Work item: Your reply should reproduce the data below without a single alteration, apart from dropping the images.

*** Given information

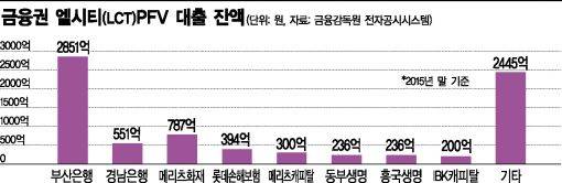지난해 9월18일 부산은행과 메리츠종합금융증권등 15개 금융사는 엘시티 사업을 위해 설립된 엘시티PFV와 대출약정서를 체결했다. 이 약정의 대출 한도는 1조7800억원이고, 약정기간은 2020년 3월20일까지다. 지난해 말 기준 대출 잔액은 8000억원이다. 이 덕분에 엘시티는 지난해 10월 분양에 나설 수 있었다.
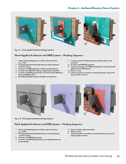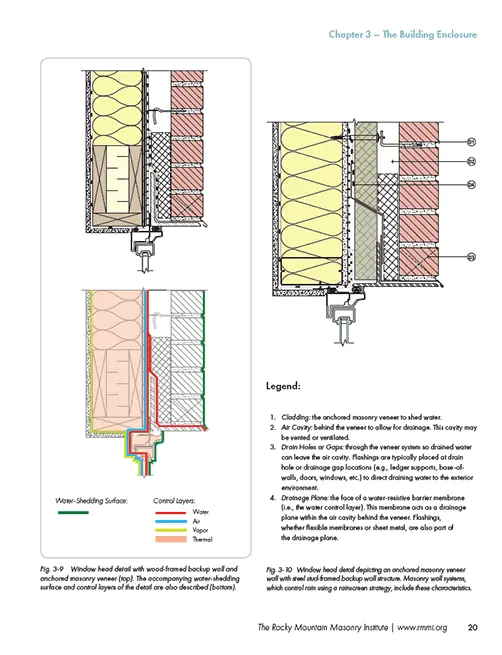 The image-packed design guide uses photos, illustrations, 2D details, 3D cutaway wall sections, checklists, and design tables to educate designers and masonry contractors on concepts such as enclosure detailing, control layer continuity, thermal bridging, and installation sequencing. The guide explains concepts such as water management, air leakage, flashings, structural support and attachment, and thermal performance. Special attention is paid to quality control and quality assurance practices that improve the enclosure performance and the aesthetic design of a masonry-based wall system. It also provides an in-depth discussion of the local governing energy codes and masonry wall system compliance options.
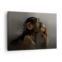Lærredstryk - Billede på lærred - Portræt af en abe i en reflekterende positur mod en grå baggrund - 70x50cm - Helt sikkert en tænker - Moderne vægdekoration til stue og soveværelse ARTTOR

******

Output of the task:
지난해 9월18일 부산은행과 메리츠종합금융증권등 15개 금융사는 엘시티 사업을 위해 설립된 엘시티PFV와 대출약정서를 체결했다. 이 약정의 대출 한도는 1조7800억원이고, 약정기간은 2020년 3월20일까지다. 지난해 말 기준 대출 잔액은 8000억원이다. 이 덕분에 엘시티는 지난해 10월 분양에 나설 수 있었다.
 The image-packed design guide uses photos, illustrations, 2D details, 3D cutaway wall sections, checklists, and design tables to educate designers and masonry contractors on concepts such as enclosure detailing, control layer continuity, thermal bridging, and installation sequencing. The guide explains concepts such as water management, air leakage, flashings, structural support and attachment, and thermal performance. Special attention is paid to quality control and quality assurance practices that improve the enclosure performance and the aesthetic design of a masonry-based wall system. It also provides an in-depth discussion of the local governing energy codes and masonry wall system compliance options.
Lærredstryk - Billede på lærred - Portræt af en abe i en reflekterende positur mod en grå baggrund - 70x50cm - Helt sikkert en tænker - Moderne vægdekoration til stue og soveværelse ARTTOR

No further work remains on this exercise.